### PROBLEM STATEMENT
In your copy of the data, keep every word exact and include no pictures.

### DATA
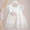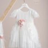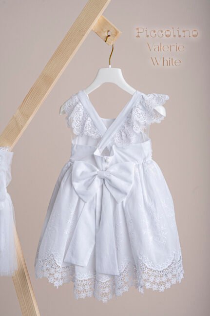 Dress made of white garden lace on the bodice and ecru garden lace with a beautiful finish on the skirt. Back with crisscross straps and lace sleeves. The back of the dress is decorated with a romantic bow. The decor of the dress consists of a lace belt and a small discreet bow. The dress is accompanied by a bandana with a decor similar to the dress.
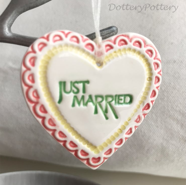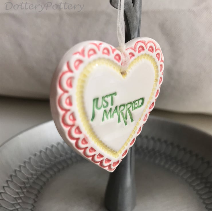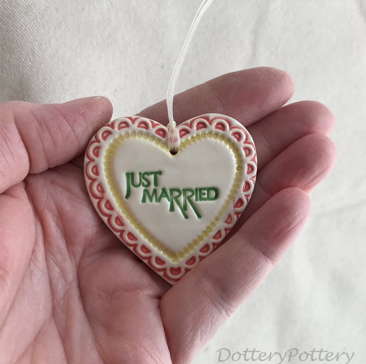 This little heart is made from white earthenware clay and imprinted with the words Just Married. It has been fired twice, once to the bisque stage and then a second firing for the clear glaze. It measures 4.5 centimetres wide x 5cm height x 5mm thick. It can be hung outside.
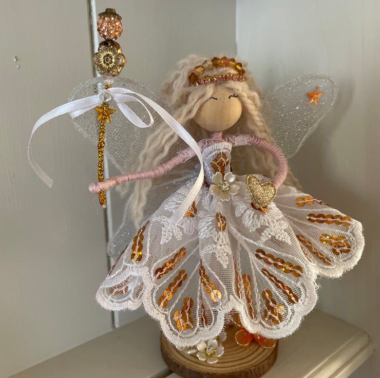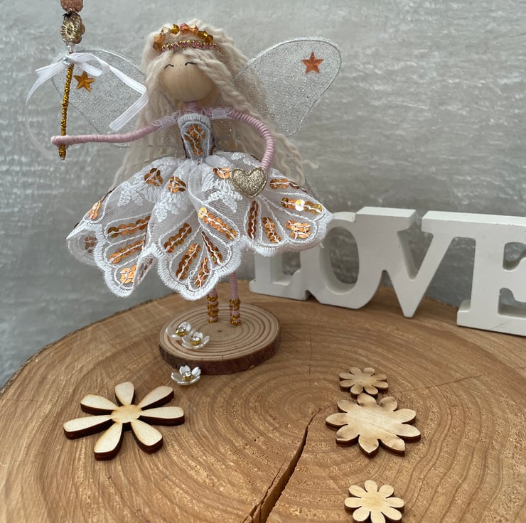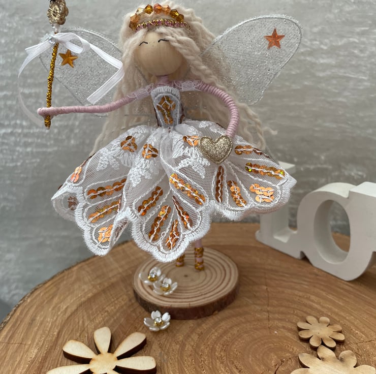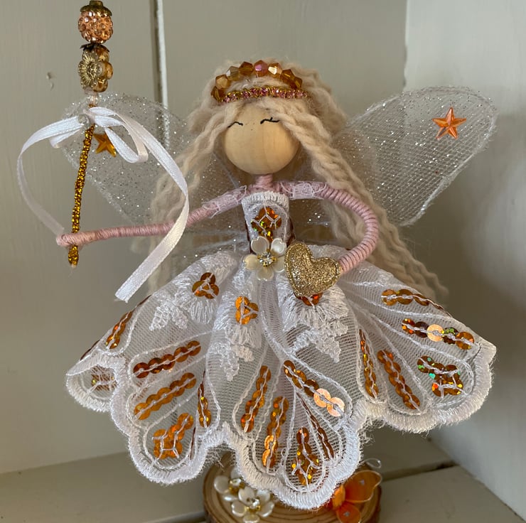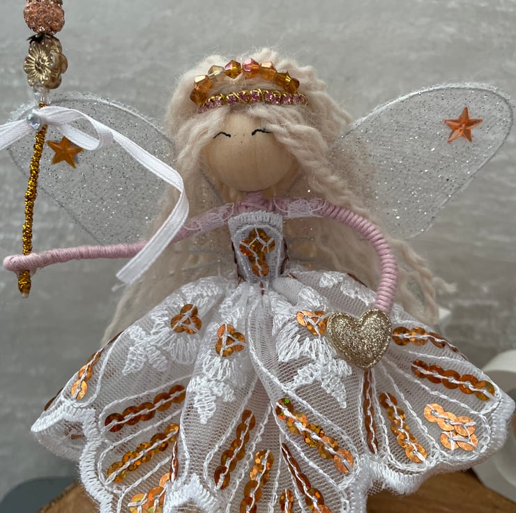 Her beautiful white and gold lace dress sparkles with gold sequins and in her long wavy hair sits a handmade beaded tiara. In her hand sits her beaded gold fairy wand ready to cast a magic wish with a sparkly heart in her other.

### OUTPUT FOR THIS EXERCISE
 Dress made of white garden lace on the bodice and ecru garden lace with a beautiful finish on the skirt. Back with crisscross straps and lace sleeves. The back of the dress is decorated with a romantic bow. The decor of the dress consists of a lace belt and a small discreet bow. The dress is accompanied by a bandana with a decor similar to the dress.
 This little heart is made from white earthenware clay and imprinted with the words Just Married. It has been fired twice, once to the bisque stage and then a second firing for the clear glaze. It measures 4.5 centimetres wide x 5cm height x 5mm thick. It can be hung outside.
 Her beautiful white and gold lace dress sparkles with gold sequins and in her long wavy hair sits a handmade beaded tiara. In her hand sits her beaded gold fairy wand ready to cast a magic wish with a sparkly heart in her other.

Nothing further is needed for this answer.